Goal of the exercise: Restate all of the entries exactly, dropping any pictures they hold.
(Data for analysis begins)
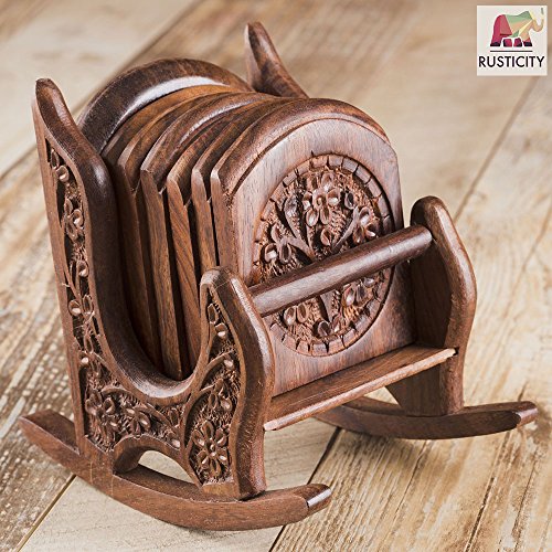 Rusticity Cool Wood Coaster Set of 6 - Rocking Chair| Handmade | (3.25x3.25 in)
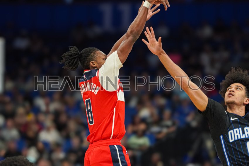 Orlando, Florida, USA, November 10, 2024, Washington Wizards Bub Carrington #8 attempt to score at the Kia Center. (Photo Credit: Marty Jean-Louis)
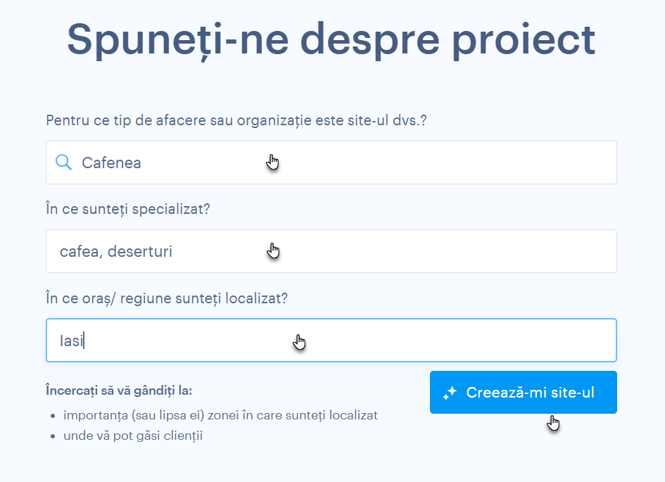 4. Descrieți site-ul web și faceți clic pe butonul Creați-mi site-ul web.
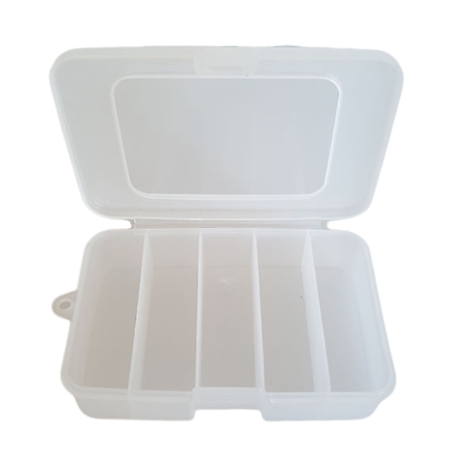 Stoxdal slukskrin med 5 rom lar deg ha kontroll på dine favoritt-sluker og -spinnere med denne slukboksen som har 5 rom og dreneringshull i bunnen slik at vann kan renne ut og fukt kan fordamp ut.
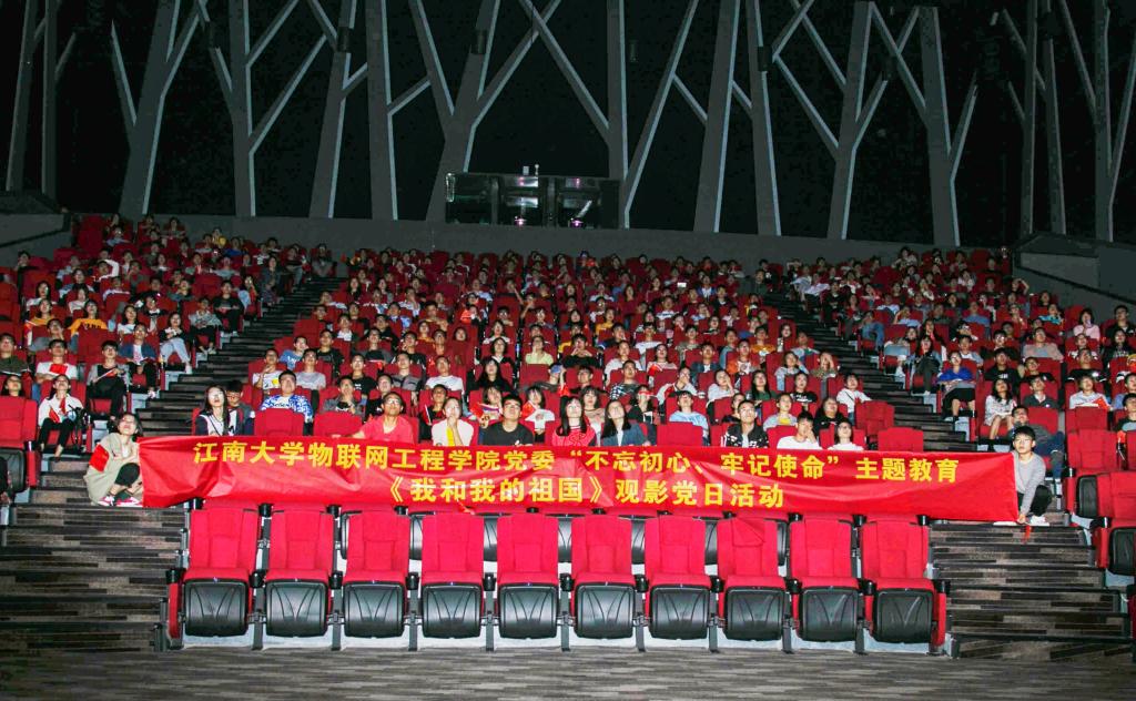 为庆祝中华人民共和国成立七十周年,大力弘扬爱国主义精神。 近日,物联网学院党委组织院全体教职工、学生党员共同观影《我和我的祖国》,开展以“不忘初心、牢记使命”为主题的爱国主义教育活动,共同祝愿伟大的祖国繁荣昌盛、稳步发展。
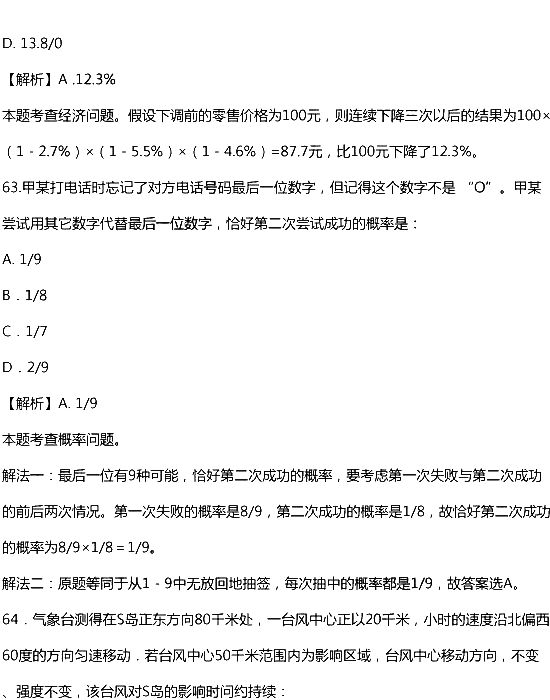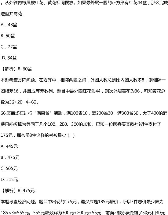摘要 915聯考福建省行測真題(數量關系)含答案解析
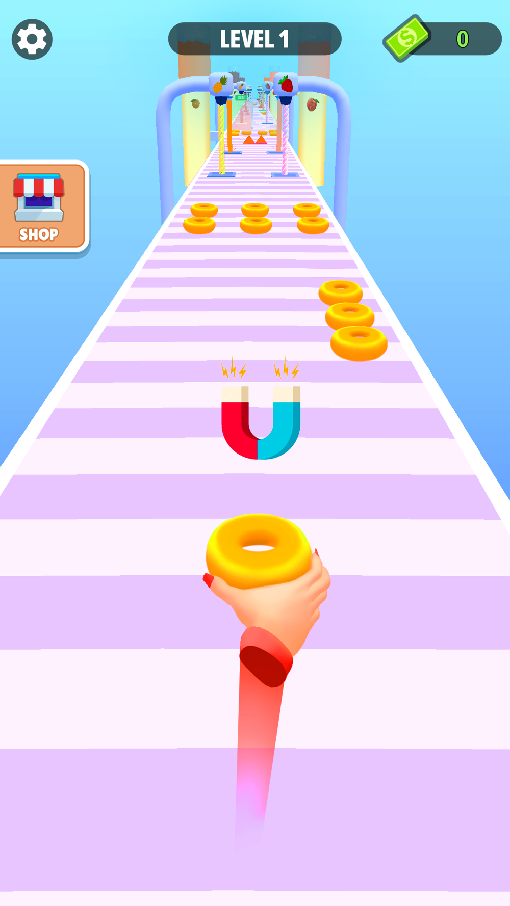 Reach the end and complete the donut run game.
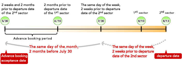 - ※The reservation acceptance date will be 2 weeks and 2 months prior to departure date of the 2nd sector.
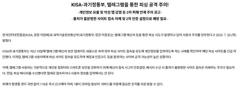 한국인터넷진흥원과 과학기술정보통신부(과기정통부)는 텔레그램 메신저에서 보안 업데이트 안내로 위장한 메시지에 피싱 사이트 링크가 포함된 정황에 대해 공지했다.
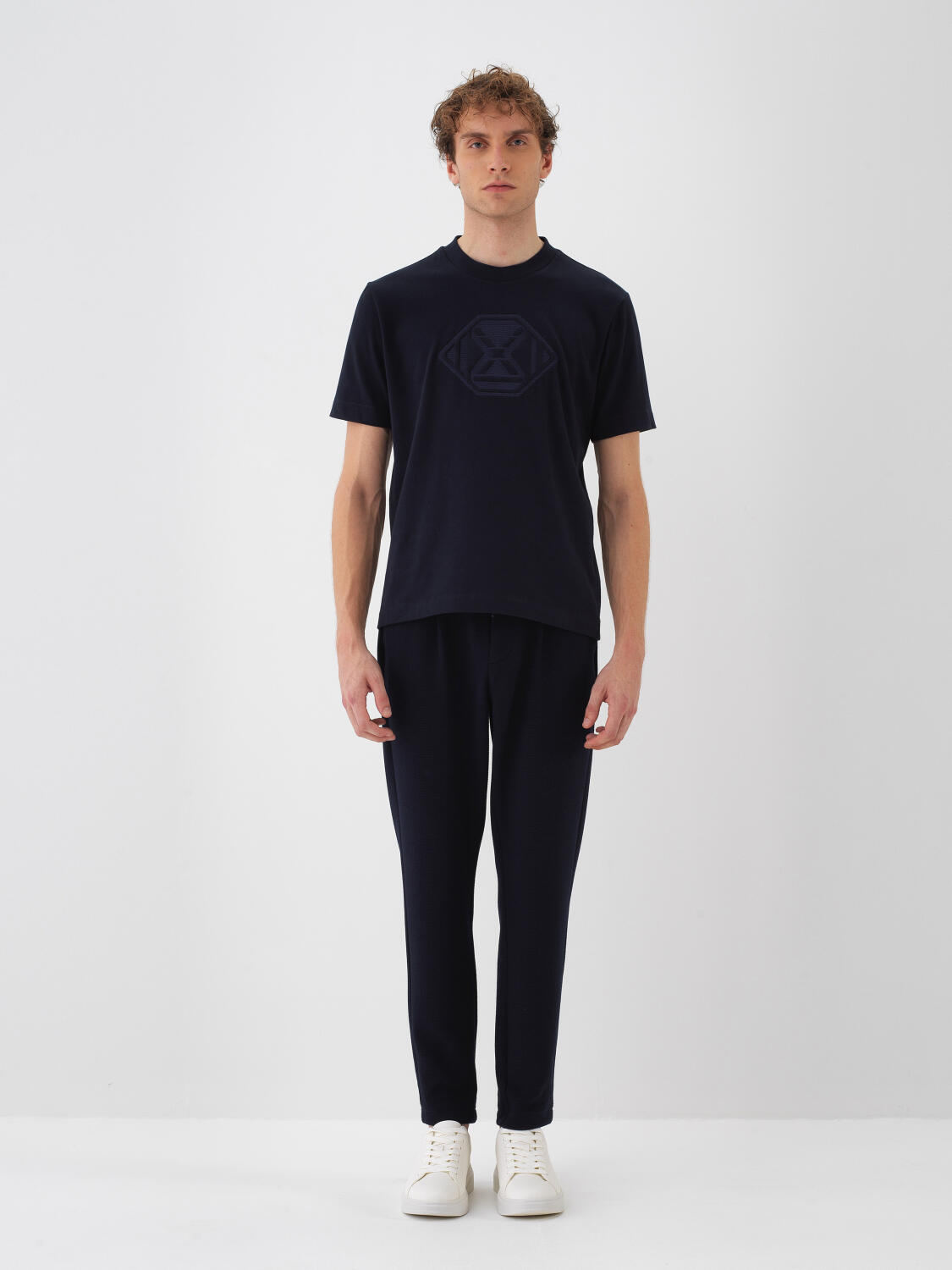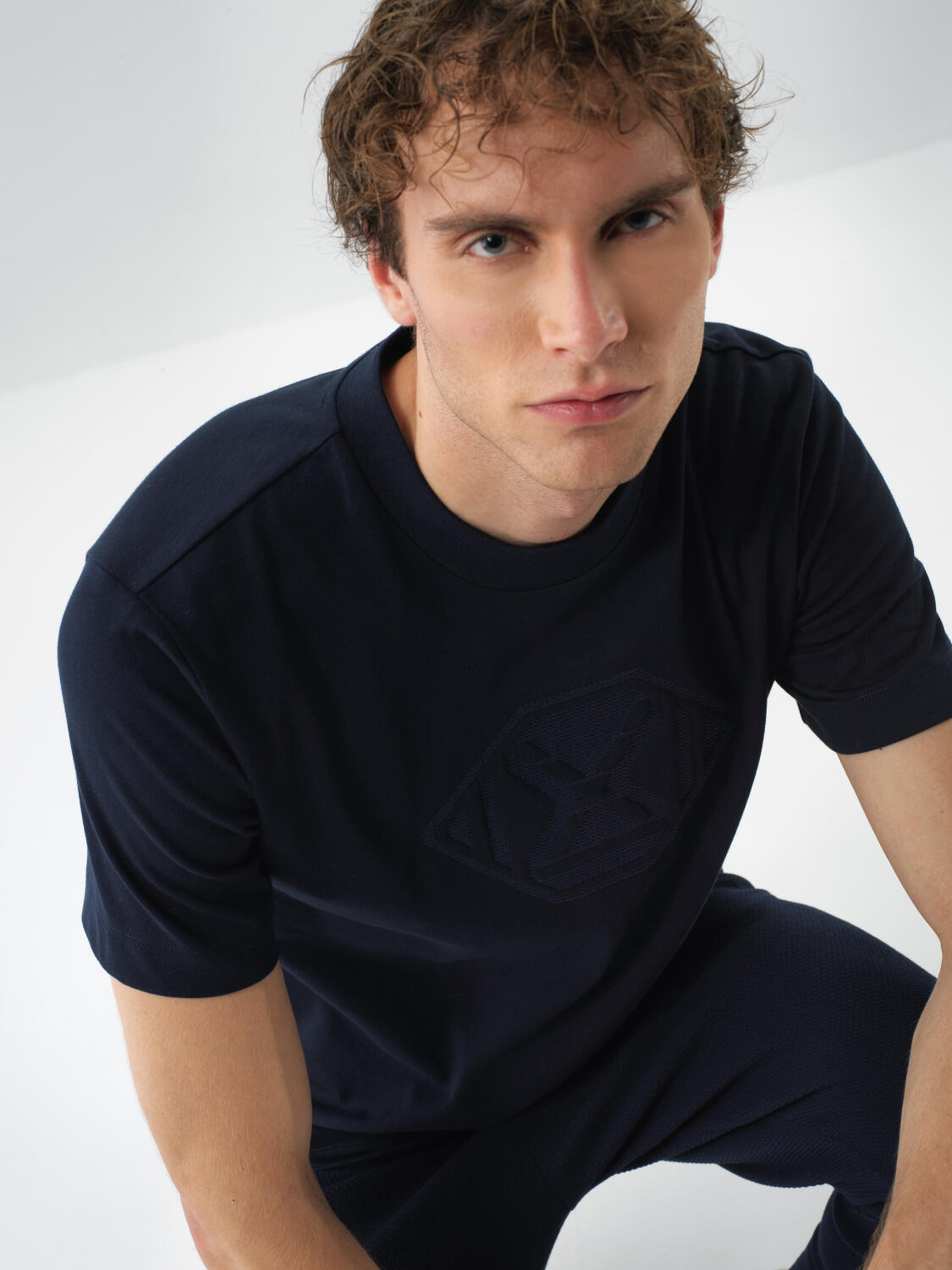 Lacivert Pamuk Dokulu Regular Fit Tişört - Xint
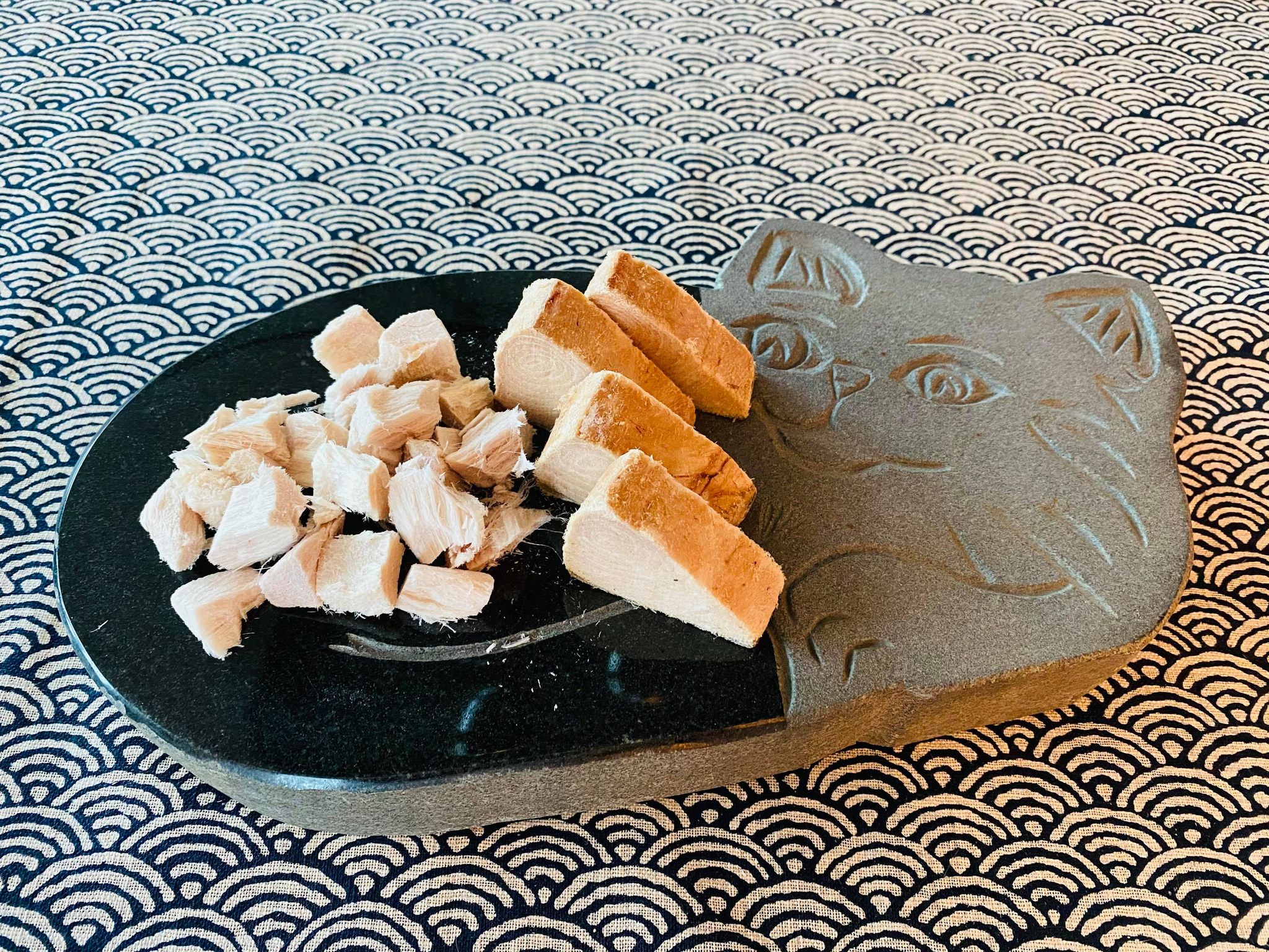 1.請注意純肉塊需泡水、或是捏碎與剪小塊餵食,避免貓咪食用過快,忽略咀嚼而嘔吐。
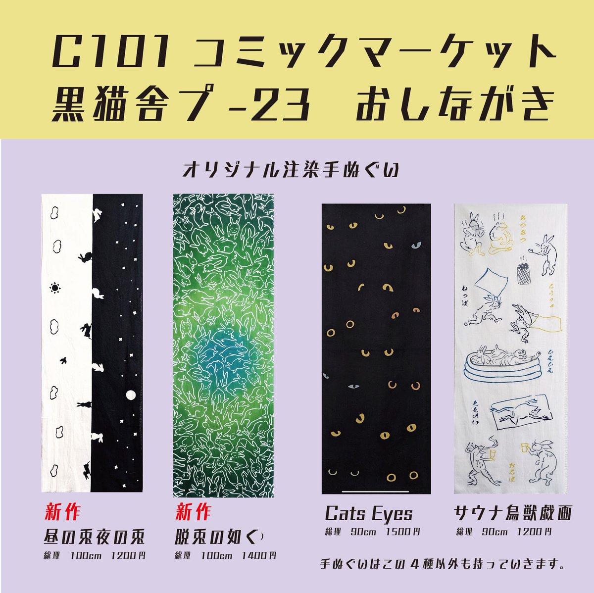 コミケのお品書き出来ました!持っていく手ぬぐいは新作多めです。これ欲しいので持ってきて!リクエストあったらメッセかリプでお願いします。1日目は東6ツ08 LeCoton、2日目は東5プ23 黒猫舎にいます。フリーペーパーも沢山用意しましたのでよろしくお願いします。#C101お品書き #手ぬぐい
(Data for analysis ends)
Task result:
 Rusticity Cool Wood Coaster Set of 6 - Rocking Chair| Handmade | (3.25x3.25 in)
 Orlando, Florida, USA, November 10, 2024, Washington Wizards Bub Carrington #8 attempt to score at the Kia Center. (Photo Credit: Marty Jean-Louis)
 4. Descrieți site-ul web și faceți clic pe butonul Creați-mi site-ul web.
 Stoxdal slukskrin med 5 rom lar deg ha kontroll på dine favoritt-sluker og -spinnere med denne slukboksen som har 5 rom og dreneringshull i bunnen slik at vann kan renne ut og fukt kan fordamp ut.
 为庆祝中华人民共和国成立七十周年,大力弘扬爱国主义精神。 近日,物联网学院党委组织院全体教职工、学生党员共同观影《我和我的祖国》,开展以“不忘初心、牢记使命”为主题的爱国主义教育活动,共同祝愿伟大的祖国繁荣昌盛、稳步发展。
摘要 915聯考福建省行測真題(數量關系)含答案解析
 Reach the end and complete the donut run game.
 - ※The reservation acceptance date will be 2 weeks and 2 months prior to departure date of the 2nd sector.
 한국인터넷진흥원과 과학기술정보통신부(과기정통부)는 텔레그램 메신저에서 보안 업데이트 안내로 위장한 메시지에 피싱 사이트 링크가 포함된 정황에 대해 공지했다.
 Lacivert Pamuk Dokulu Regular Fit Tişört - Xint
 1.請注意純肉塊需泡水、或是捏碎與剪小塊餵食,避免貓咪食用過快,忽略咀嚼而嘔吐。
 コミケのお品書き出来ました!持っていく手ぬぐいは新作多めです。これ欲しいので持ってきて!リクエストあったらメッセかリプでお願いします。1日目は東6ツ08 LeCoton、2日目は東5プ23 黒猫舎にいます。フリーペーパーも沢山用意しましたのでよろしくお願いします。#C101お品書き #手ぬぐい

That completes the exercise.